In fact, the evidence is overwhelming that “there is little apparent relationship between recent immigration and unemployment rates among African Americans, or any other native born racial/ethnic group, at the state or metropolitan level."
But BALA's July 15 rally is predicated on advancing these myths. The event has been endorsed by Fox News contributors Herman Cain and former Rep. Allen West (R-FL), with the latter being a featured speaker. Three Republicans -- Sen. Ted Cruz (TX) and Reps. Steve King (IA) and Mo Brooks (AL) -- have also endorsed the event and have signed on to speak at the rally. The rest of the speakers' lineup,which includes Durant, reads like a who's who of the nativist and anti-immigrant movement:
- Anti-immigrant commentator Michael Cutler, who is also associated with CIS.
- Frank Morris, who sits on the boards of FAIR and CIS and is the vice president of PFIR.
- Rev. Jesse Lee Peterson, who has made several inflammatory remarks including claiming that President Obama is racist against white people, that he was elected because “Satan is targeting the U.S.,” and that black clergy who support Obama are “leading their congregations to hell.” He has also previously thanked God for slavery and in a recent column at WND.com wrote that “black racism is out-of-control ”and that “black racism ... killed Paula Deen's career!”
As People For The American Way stressed, “The members of BALA are entitled to voice their opinions, but they should be mistaken neither for a mainstream group nor for a fresh voice in the immigration reform debate.”
Wade Henderson, president of the Leadership Conference on Civil and Human Rights, has repudiated BALA's message and made clear that the group does not speak for the wider African-American community:
Actual civil rights leaders view immigration reform as a defining civil and human rights issue of our time. The opinions expressed in today's press conference are not shared by most African-Americans, civil rights leaders, members of the Congressional Black Caucus or any other significant constituency in the African-American community.
The Congressional Black Caucus has expressed support for immigration reform, which Rep. John Lewis (D-GA) has said parallels the fight for civil rights.

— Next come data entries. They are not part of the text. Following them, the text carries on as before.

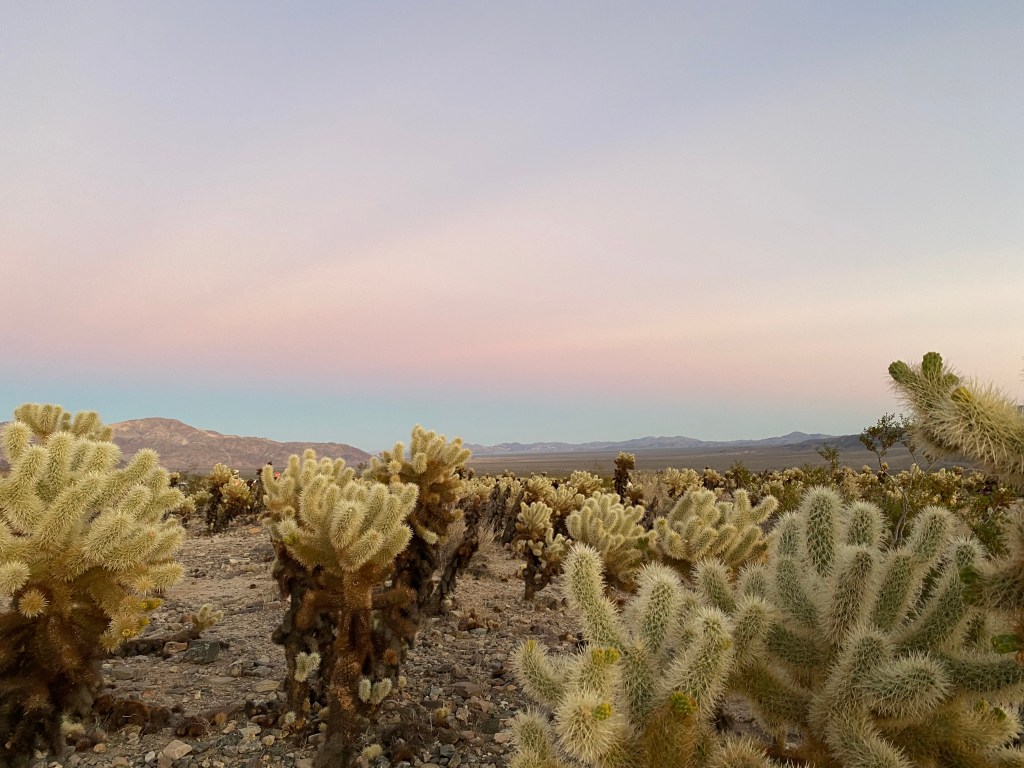 Entre Cholla et la sortie Sud du parc, il a plusieurs parkings, on en a choisi un pour s’installer et attendre… Entre le moment où le soleil se couche et le moment où il fait vraiment nuit noire pour observer les étoiles, c’est long. Très long ! J’avais acheté une lumière rouge pour que l’œil s’habitue plus vite au noir et faciliter le stargazing mais au final c’est le balai des voitures qui entrent et sortent sur les parkings, donc y’a de la lumière blanche beaucoup plus souvent qu’on en voudrait (et qu’il en faudrait pour observer correctement). On repartira plutôt vite.
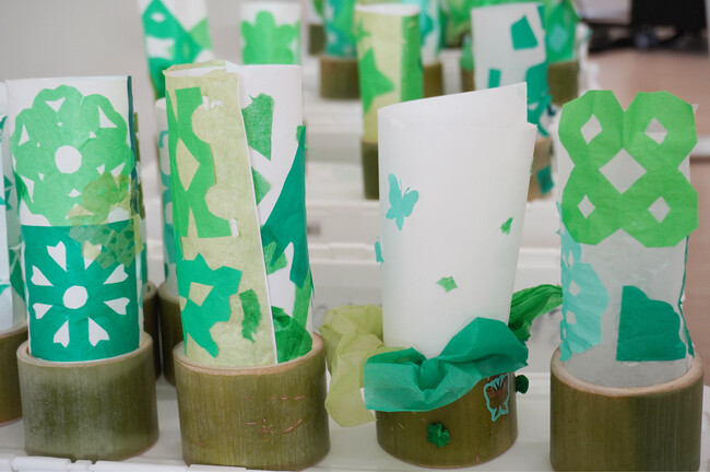 展示したランタンは、すべて事前ワークショップ(8月12〜16日の5日間)に参加した来館者が制作したもので、その数は500個以上にのぼります。今年は「竹を知ろう」をテーマに、輪切りした竹を土台に、飾り紙でデコレーションしたランタンを制作・展示しました。竹の仕入れについては、品川区武蔵小山にある大正15年創業の庭園・造園資材卸の株式会社山十(やまじゅう)に依頼し、輪切りの加工など多大なご協力をいただきました。
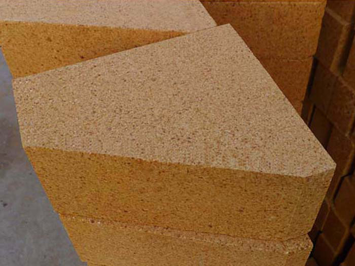 拱腳粘土磚是用50%的軟質(zhì)粘土和50%硬質(zhì)粘土熟料,按一定的粒度要求進(jìn)行配料,經(jīng)成型、干燥后,在1300~1400℃的高溫下燒成。粘土耐火磚屬于弱酸性耐火制品,能抵抗酸性熔渣和酸性氣體的侵蝕,對(duì)堿性物質(zhì)的抵抗能力稍差。粘土磚的熱性能好,耐急冷急熱。
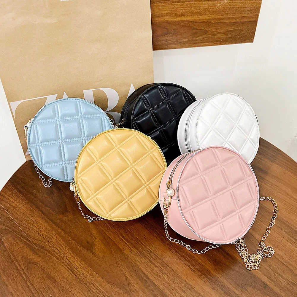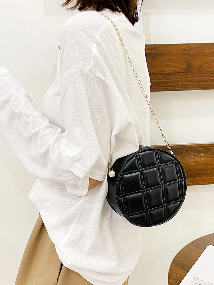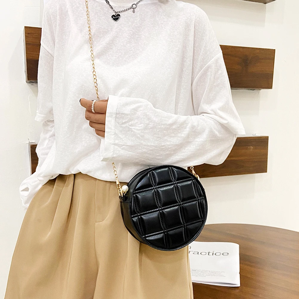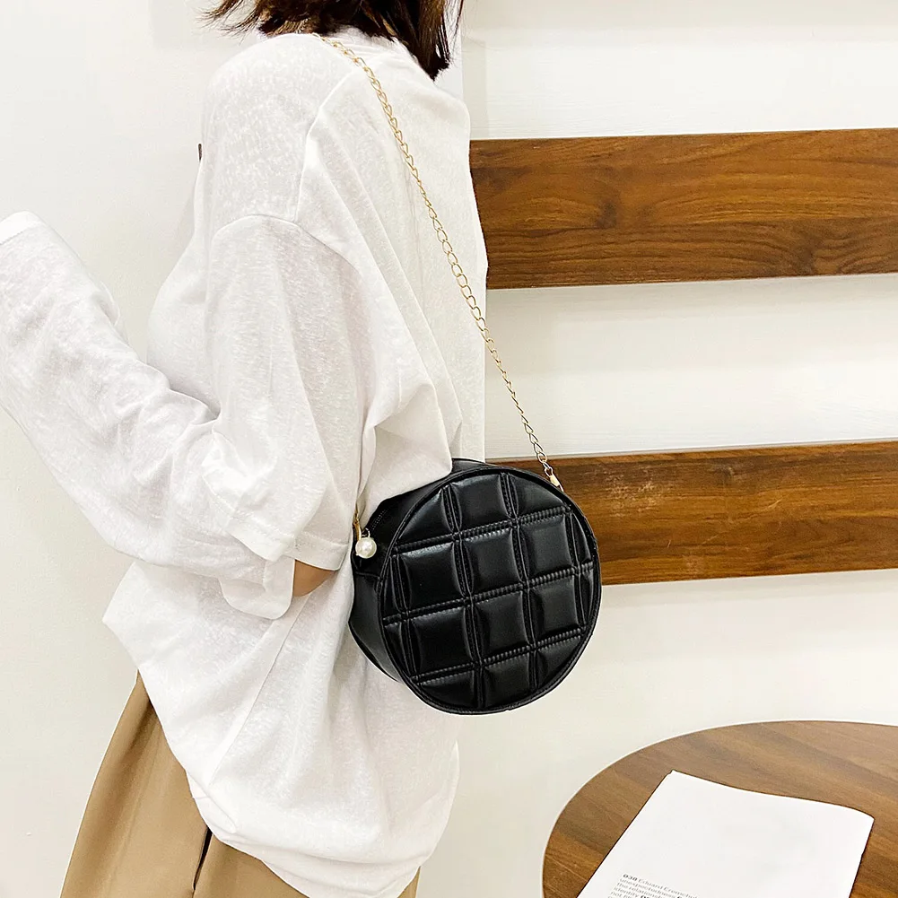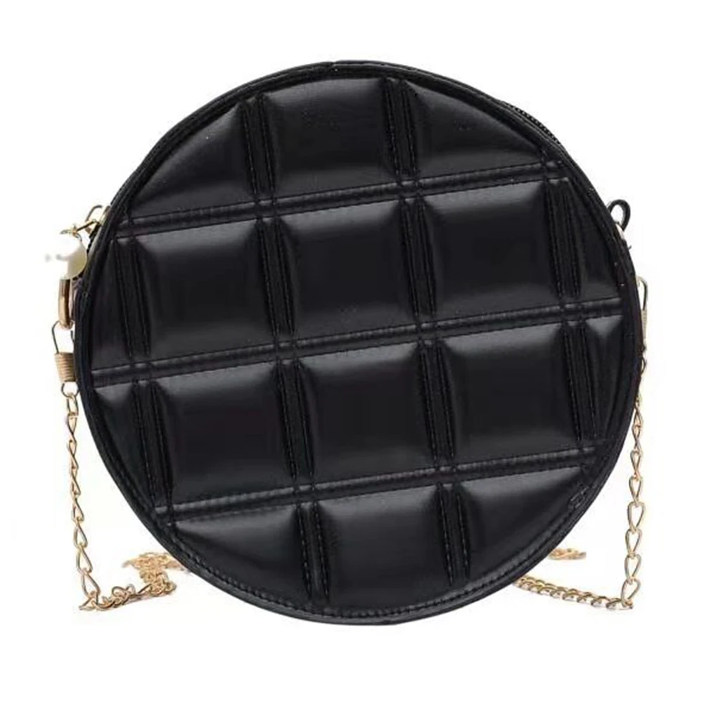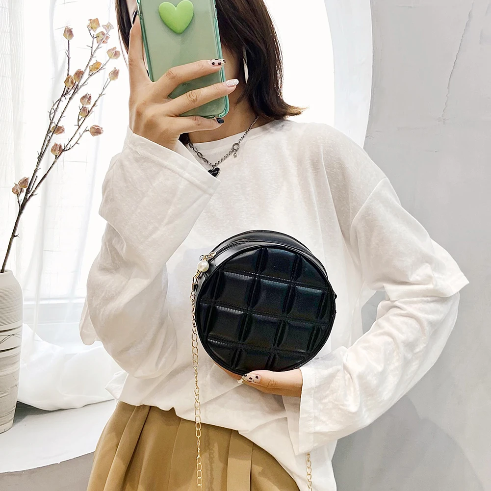 Moda feminina xadrez de couro do plutônio forma redonda corrente ombro crossbody messenger bag casual senhoras mini bolsa bolsas
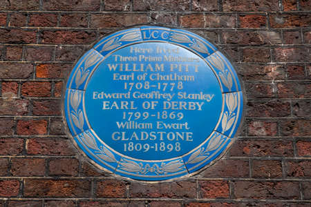 LONDON, UK - JUNE 14TH 2017: A blue plaque marking the location where three former Prime Ministers have lived in St. Jamess Square in London, UK, on 14th June 2017.
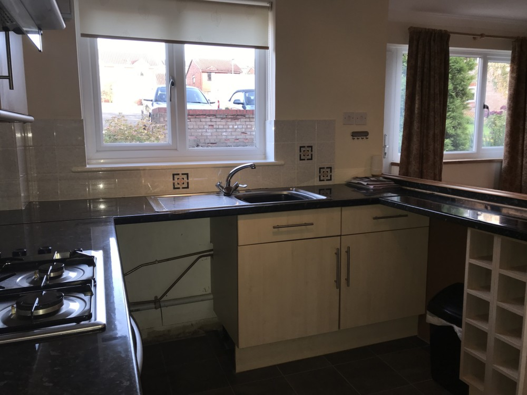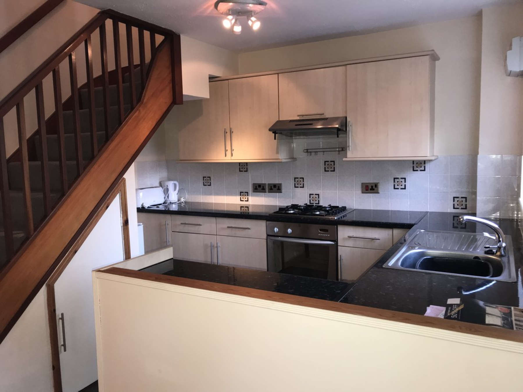 Kitchen area - well fitted with plenty of unit and worktop space. It is fitted with an integrated electric oven, gas hob and has space for a washing machine and an under counter fridge. There is an under stairs storage cupboard.

According to a poll by Lake Research Partners commissioned by the Leadership Conference on Civil and Human Rights, 66 percent of African-Americans support immigration reform. In addition, African-American voters are credited with providing the “critical push” that was needed to help approve Maryland's “DREAM Act” referendum during the last election, which offers in-state tuition to undocumented students who want to attend college. At the time, 70 percent of black voters said they supported the “DREAM Act.”